Pirinç. 297. Farklı gazlar için yüksekliğe bağlı basınç değişimi grafikleri

Hava dışında herhangi bir gazın belirli bir hacmi varsa, içindeki basınç da aşağıdan yukarıya doğru azalır. Her gaz için karşılık gelen bir grafik oluşturabilirsiniz. Aşağıdaki aynı basınçta, ağır gazların basıncının yükseklik arttıkça hafif gazların basıncından daha hızlı azalacağı açıktır, çünkü bir ağır gaz kolonu aynı yükseklikteki bir hafif gaz kolonundan daha ağırdır.

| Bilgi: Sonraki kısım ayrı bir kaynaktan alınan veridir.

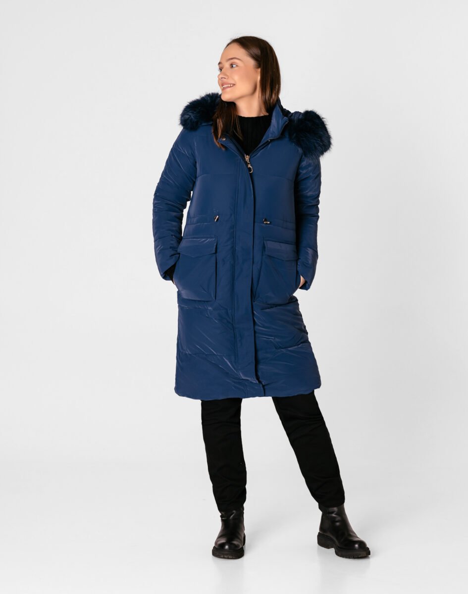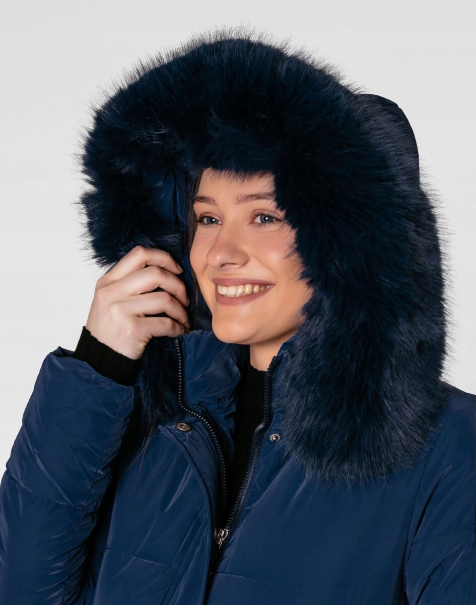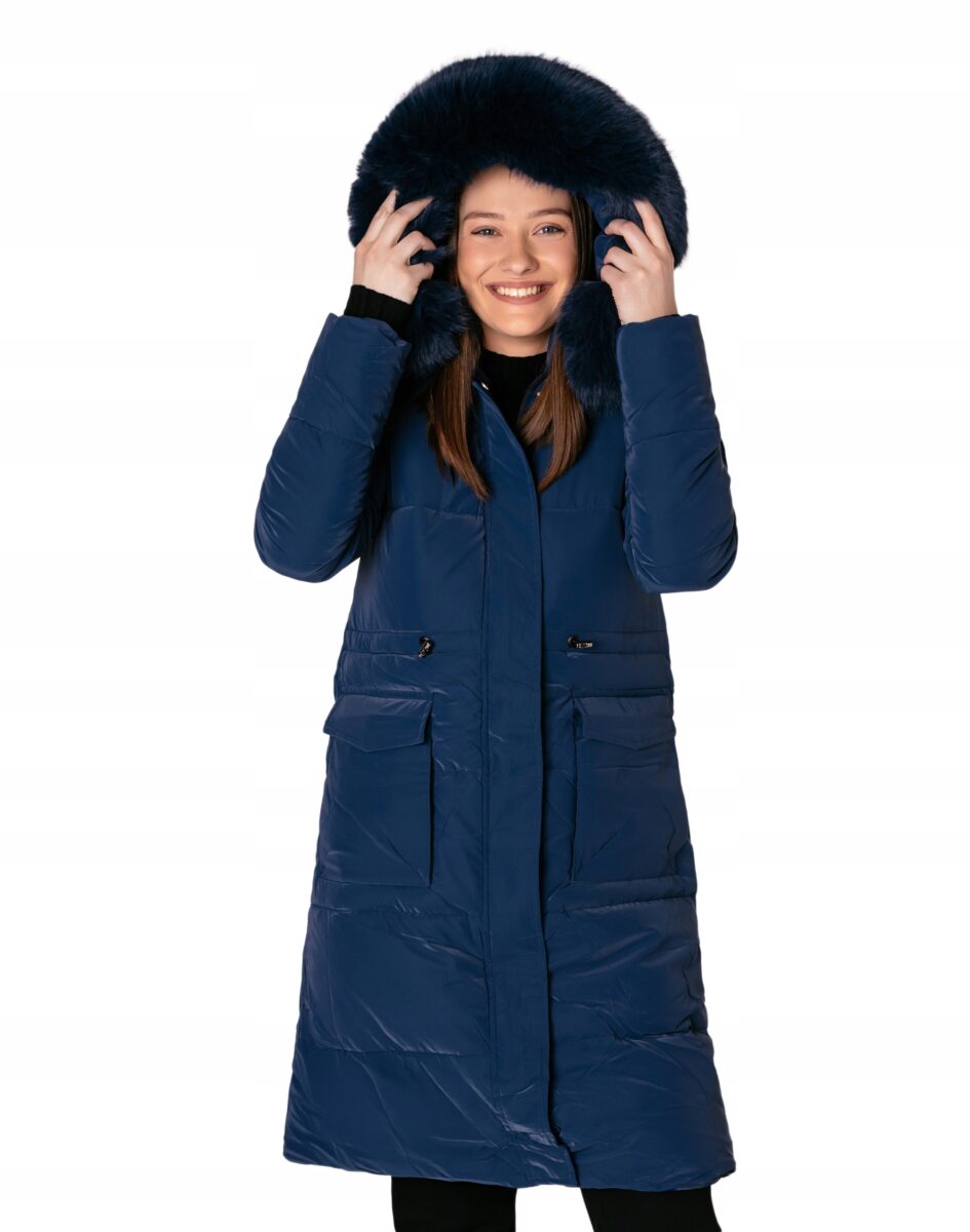 Ciepła zimowa kurtka damska typu Alaska ocieplona w całości puchem syntetycznym, z praktycznym ocieplonym i odpinanym na zamek kapturem ozdobionym puszystym futerkiem. Modnie pikowana (aby w powstałych „kieszonkach” zmieścić jak najwięcej grzejącego surowca) i zasuwana w całości na dwukierunkowy zamek błyskawiczny kryty plisą zapinaną na firmowe napy. Materiał na zewnątrz posiada wykończenie typu Water Repellency, które zapobiega nasączeniu warstwy zewnętrznej wodą. Kurtka posiada dwie duże podwójne kieszenie na dłonie kryte patkami zapinanymi na napy. Wysoki, ocieplony kołnierz/stójka, zasłania szyję i chroni gardło, a często zastępuje nawet szalik co jest bardzo wygodne i skutecznie chroni przed zimnem i wiatrem. Praktyczny ocieplony puchem syntetycznym i odpinany na zamek kaptur, ozdobiony odpinanym sztucznym futerkiem osłoni Twoją głowę przed deszczem, wiatrem i chłodem. Ściągacz regulacyjny wszyty w talii pozwala na precyzyjne dopasowanie kurtki do ciała, co znacznie zapobiega utracie ciepła i zgrabnie modeluje sylwetkę w talii nadając jej właściwe proporcje. Wewnętrzna strona kurtki wykończona jest materiałową podszewką. Długość do kolan, która świetnie podkreśli elegancję i kobiecość w twoim wyglądzie, trzyma ciepło i przytulność przy mroźnej pogodzie, nie krępuje ruchów i z powodzeniwm zakrywa części ciała wrażliwe na chłód jak plecy na wysokości nerek, pośladki i uda. Modny krój pikowanych paneli i doskonale wyprofilowana konstrukcja prezentowana obecnie szeroko na modowych blogach.

İncirde. Çeşitli gazlar için bu tür 297 grafik oluşturuldu. Grafikler küçük bir yükseklik aralığı için oluşturulduğundan düz çizgiler gibi görünürler.

175. 1. Uzun dirseği açık olan L şeklinde bir tüp hidrojenle doldurulur (Şek. 298). Borunun kısa dirseğini kaplayan lastik film nerede bükülecek?